[Records excerpted from a collection]
◆ ◆ ◆
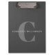 Stylish Monogrammed Name Professional Black Grey Clipboard
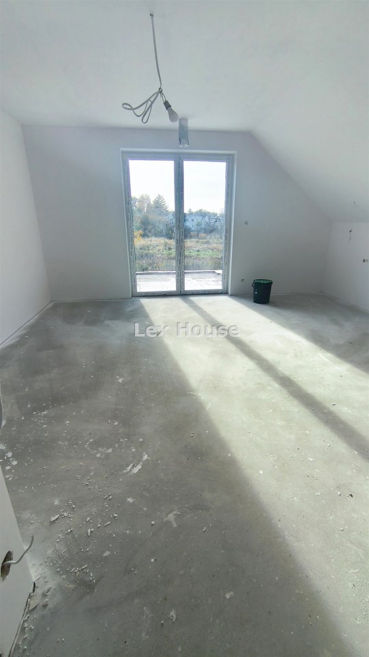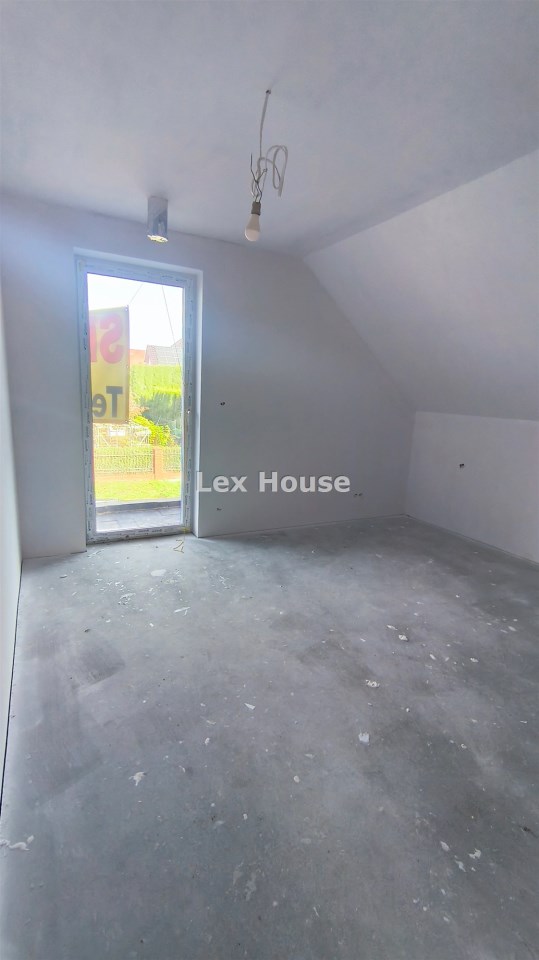 Na sprzedaż nowoczesny dom jednorodzinny o powierzchni użytkowej 200 m², położony w spokojnej okolicy domów jednorodzinnych. Nieruchomość wyróżnia się funkcjonalnym układem pomieszczeń oraz wysokim standardem wykonania. Na parterze znajduje się wiatrołap, korytarz, toaleta, pokój gościnny, przestronny salon z aneksem kuchennym oraz pomieszczenie techniczne. Z salonu prowadzi wyjście na duży taras z widokiem na malowniczą łąkę i bezpośrednim dostępem do ogrodu. Na piętrze zaplanowano komfortową sypialnię główną z garderobą i wyjściem na taras, dwie mniejsze sypialnie z balkonem, przestronny pokój kąpielowy oraz pomieszczenie gospodarcze. Dom posiada garaż dwustanowiskowy w bryle budynku, ogrzewanie podłogowe oraz system rekuperacji, co zapewnia wysoki komfort użytkowania i energooszczędność. Budynek jest w stanie deweloperskim, w trakcie wykończenia, co daje możliwość aranżacji wnętrz według własnych potrzeb. Działka o powierzchni 400 m² z dodatkową dzierżawą 200 m² stanowi idealną przestrzeń do wypoczynku i rekreacji. W odległości około 500 metrów znajdują się sklepy, placówki medyczne, szkoły oraz przedszkola, co sprawia, że lokalizacja jest wyjątkowo wygodna dla rodzin z dziećmi. To idealna propozycja dla osób poszukujących komfortowego i nowoczesnego domu w otoczeniu zieleni, a jednocześnie z szybkim dostępem do miejskiej infrastruktury.
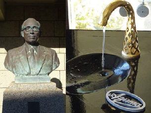 事務所前には、創業者田中英行氏の銅像があり、またロ ビーにはハイブリッド金属3Dプリンタで作られた水が流 れているモニュメントが置かれています。創業の歴史を大 事にしながら最新技術に挑戦する社風を感じました。
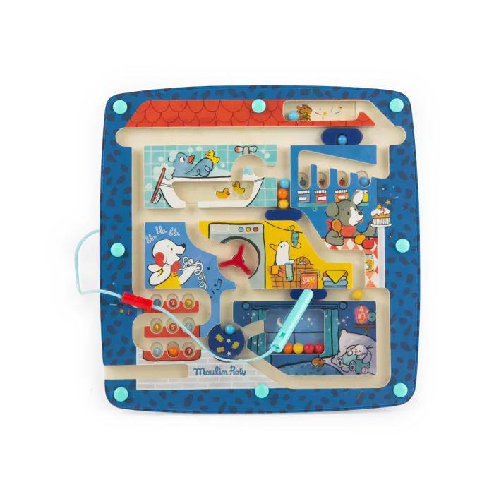 A l'aide d'un crayon aimanté, déplace les billes colorées dans les bonnes cases en faisant tourner les éléments magnétiques pour trouver ton chemin. Ce labyrinthe est idéal pour apprendre à compter et découvrir les couleurs tout en s'amusant!
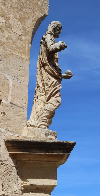 avec une main qui tient un globe terrestre et l'autre qui bénit)
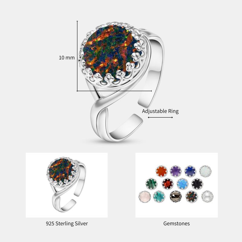 טבעת מתכווננת מכסף סטרלינג 925 עם שיבוץ אבן אופל שחור מלאכותי בקוטר 10 מ"מ בליטוש קבושון. עיצוב נקי עם נוכחות מסתורית וזוהר משתנה. הידעת אופל שחור מחזק ביטוי אישי, עוצמה פנימית והגנה רגשית.
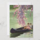 Vintagens illustration av bilden av kärlek och romantik med en ung nyfödd man och kvinna som delar ett tyst ögonblick och roterar en kanot i sjö. En stor blommigt träd med rosa blommor hänger över paret.
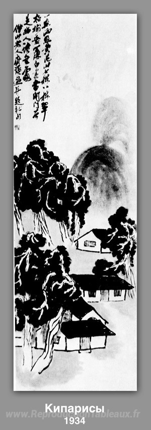 Nous vous proposons une reproduction artisanale sur toile du célèbre tableau 'Cyprès' de Qi Baishi, provenant du Musée de la Reproduction.
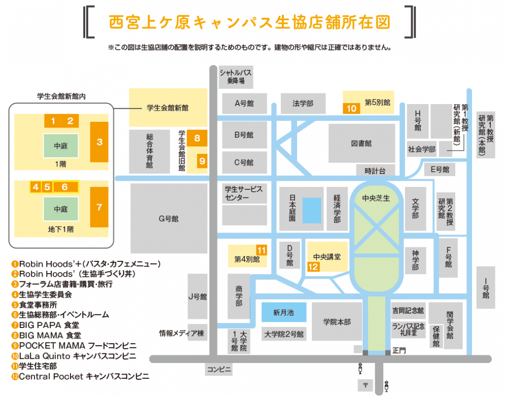 西宮上ケ原キャンパス生協店舗所在図
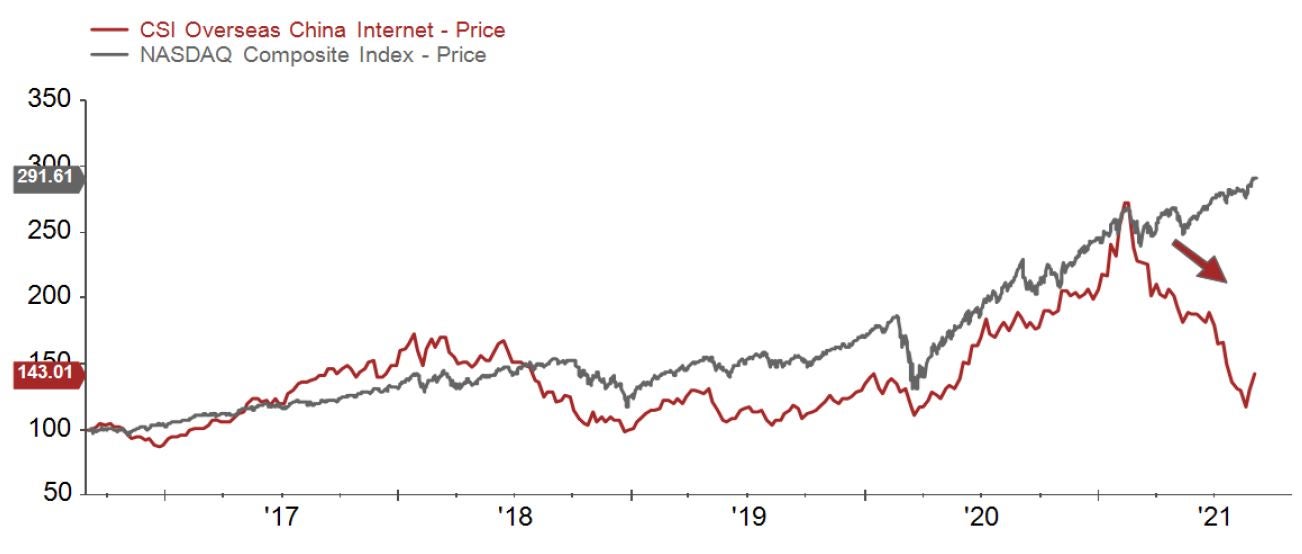 図表1:CSI中国インターネット指数とナスダック総合指数の推移
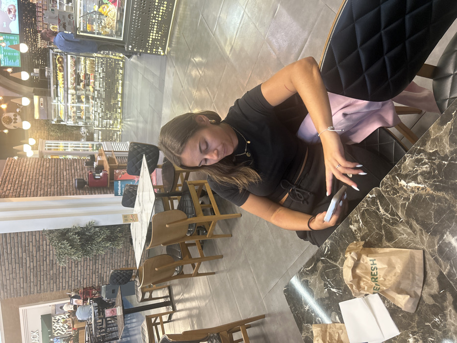 The image displays an indoor commercial dining area within a cafe or food court located in Arnavutköy, Turkey. In the immediate foreground, a young adult female is seated at a black marble-patterned table, looking downward at a white smartphone she holds with both hands. She wears a black short-sleeved t-shirt, black drawstring sweatpants, a gold-colored necklace with two small circular pendants, gold hoop earrings, a silver bracelet on her left wrist, and a ring on her right ring finger. Her fingernails are long and painted white. On the table to her left, a crumpled brown paper bag with "FRESH" printed on it and several white paper napkins are present. A light pink garment is draped over the armrest of the black quilted chair positioned to her right. The background reveals a brightly lit counter area of a cafe or dessert shop, featuring multiple refrigerated display cases filled with various pastries, donuts, and other sweet items. A male figure in a blue shirt is visible standing near these display cases. Above the counter, a menu board with green sections displays text. To the left of the counter area, a red coffee machine is situated on a wooden stand. The general environment features grey tiled flooring, walls constructed with a combination of red-brown brickwork and light vertical panels, and several seating arrangements comprising tables with white marble-patterned tops and chairs with both wooden frames and black upholstered backs/seats. Decorative overhead lighting fixtures illuminate the space, and additional patrons are vaguely visible further in the background.
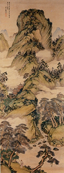 日本の南画は中国にあこがれることから始まったと言ってよい。このようなことから画題としては中国の漢詩や故事に取材する場合がほとんどである。描かれる人物建物いずれも中国風である。この図は画面左下の高士つまり人格が高潔で節義を重んじる人物が右上の滝を見つめているところを描いたもので、一般的にこのような図は中国の詩人・李白が廬山の滝を詠った「廬山の瀑布を望む」の詩を画題としたものである。
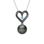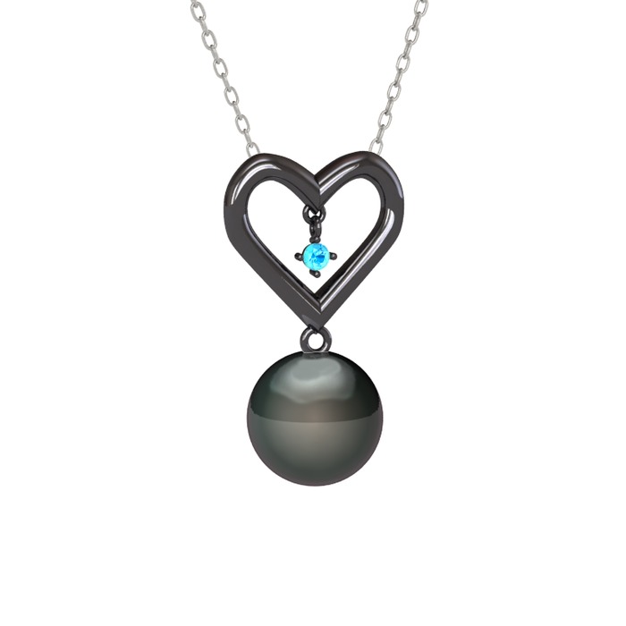Siyah inci ve akuamarin 925 ayar siyah rodyum kaplama gümüş kolye (40 cm beyaz altın rolo zincir)
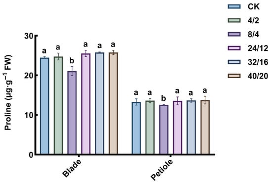 Effects of different light–dark cycles on proline content in celery. Distinct letters placed above the bars denote statistically significant differences (p < 0.05) as assessed by one-way ANOVA followed by Duncan’s multiple range test.
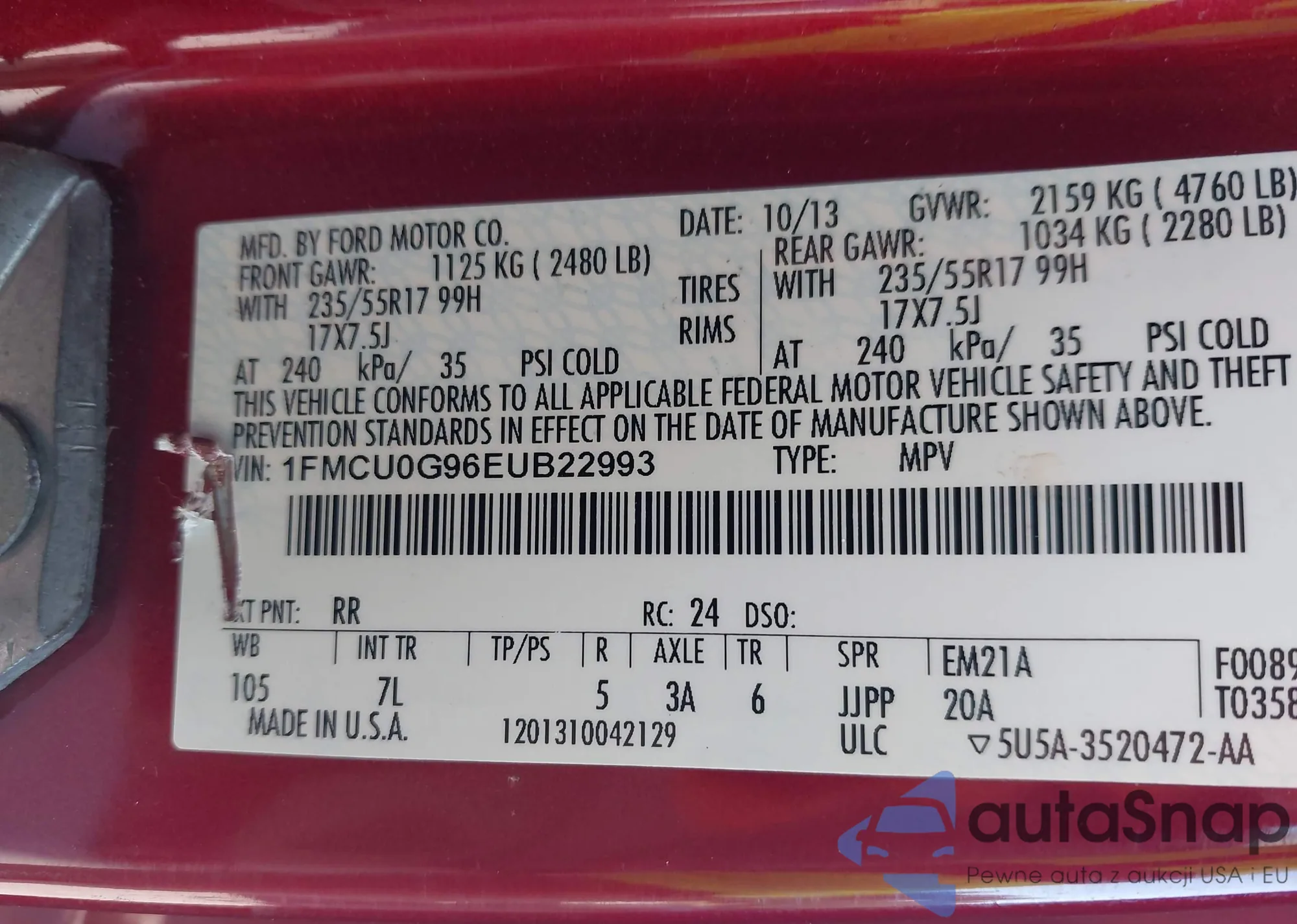 • VIN: 1FMCU0G96EUB22993
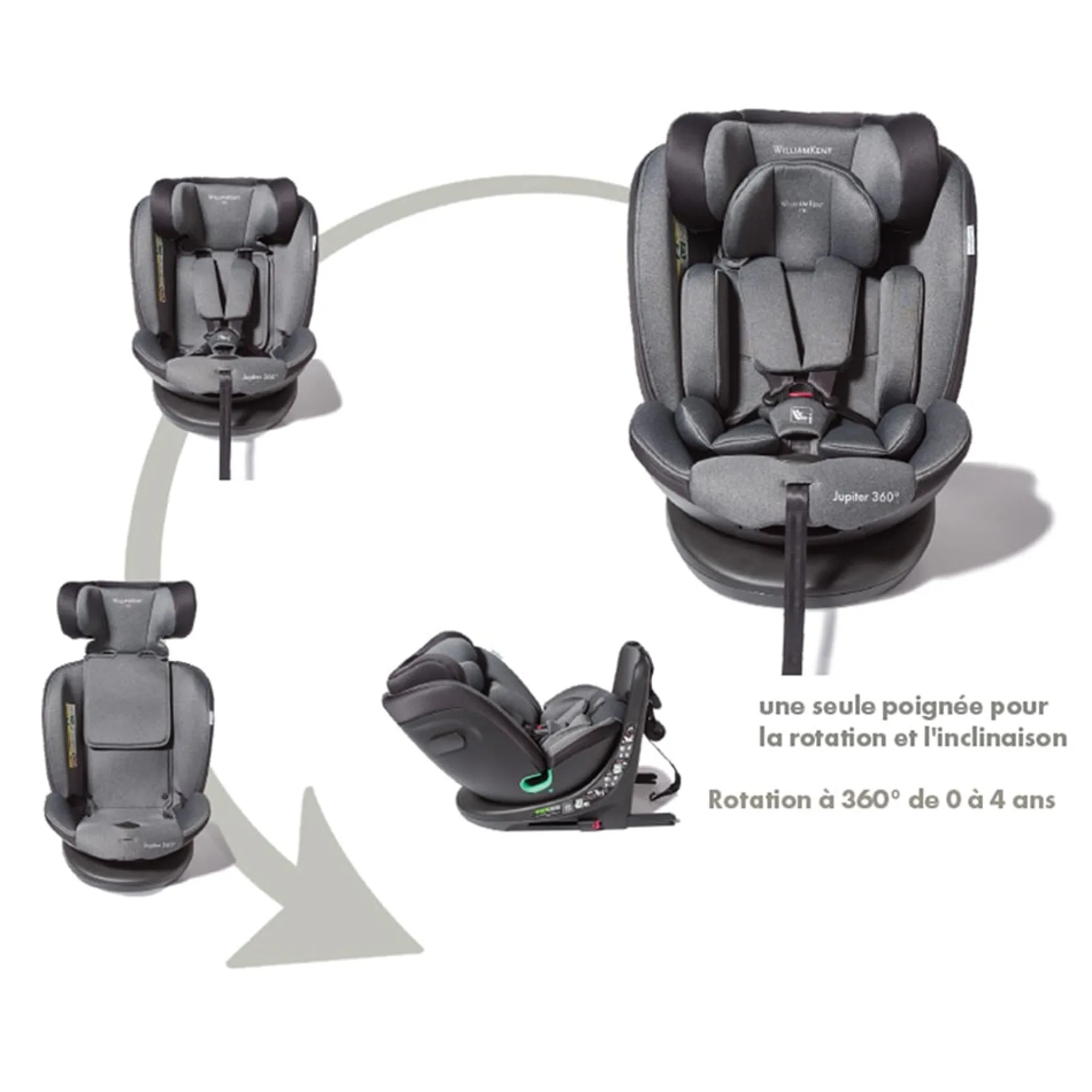 Avec ses différents inserts le siège Jupiter évoluera et grandira avec votre enfant jusqu’à ses 150cm (soit 10-12 ans environ). Sa fonction rotative facilite l’installation de bébé dans le véhicule.
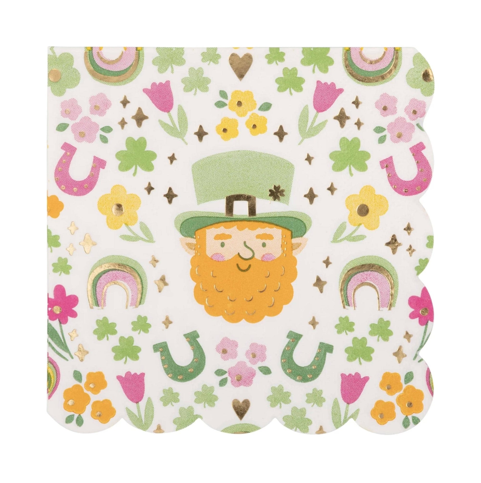 Make your St. Patrick’s Day celebration extra festive with these delightful Leprechaun Party Napkins! Featuring a cheerful leprechaun surrounded by clovers, rainbows, horseshoes, and stars, these scalloped paper napkins add a whimsical touch to your party decor. Gold foil accents bring a bit of shimmer, making them perfect for serving drinks, snacks, or desserts in style. Whether you're hosting a lucky-themed party or a fun family gathering, these napkins are sure to spread joy and charm. Add a magical touch to your celebration with these festive beverage napkins!
◆ ◆ ◆
§ What to work on
Could you reproduce exactly, and only, the lines from the start of the records through the line containing "Na sprzedaż nowoczesny", leaving out the pictures?

§ Result of the task
 Stylish Monogrammed Name Professional Black Grey Clipboard
 Na sprzedaż nowoczesny dom jednorodzinny o powierzchni użytkowej 200 m², położony w spokojnej okolicy domów jednorodzinnych. Nieruchomość wyróżnia się funkcjonalnym układem pomieszczeń oraz wysokim standardem wykonania. Na parterze znajduje się wiatrołap, korytarz, toaleta, pokój gościnny, przestronny salon z aneksem kuchennym oraz pomieszczenie techniczne. Z salonu prowadzi wyjście na duży taras z widokiem na malowniczą łąkę i bezpośrednim dostępem do ogrodu. Na piętrze zaplanowano komfortową sypialnię główną z garderobą i wyjściem na taras, dwie mniejsze sypialnie z balkonem, przestronny pokój kąpielowy oraz pomieszczenie gospodarcze. Dom posiada garaż dwustanowiskowy w bryle budynku, ogrzewanie podłogowe oraz system rekuperacji, co zapewnia wysoki komfort użytkowania i energooszczędność. Budynek jest w stanie deweloperskim, w trakcie wykończenia, co daje możliwość aranżacji wnętrz według własnych potrzeb. Działka o powierzchni 400 m² z dodatkową dzierżawą 200 m² stanowi idealną przestrzeń do wypoczynku i rekreacji. W odległości około 500 metrów znajdują się sklepy, placówki medyczne, szkoły oraz przedszkola, co sprawia, że lokalizacja jest wyjątkowo wygodna dla rodzin z dziećmi. To idealna propozycja dla osób poszukujących komfortowego i nowoczesnego domu w otoczeniu zieleni, a jednocześnie z szybkim dostępem do miejskiej infrastruktury.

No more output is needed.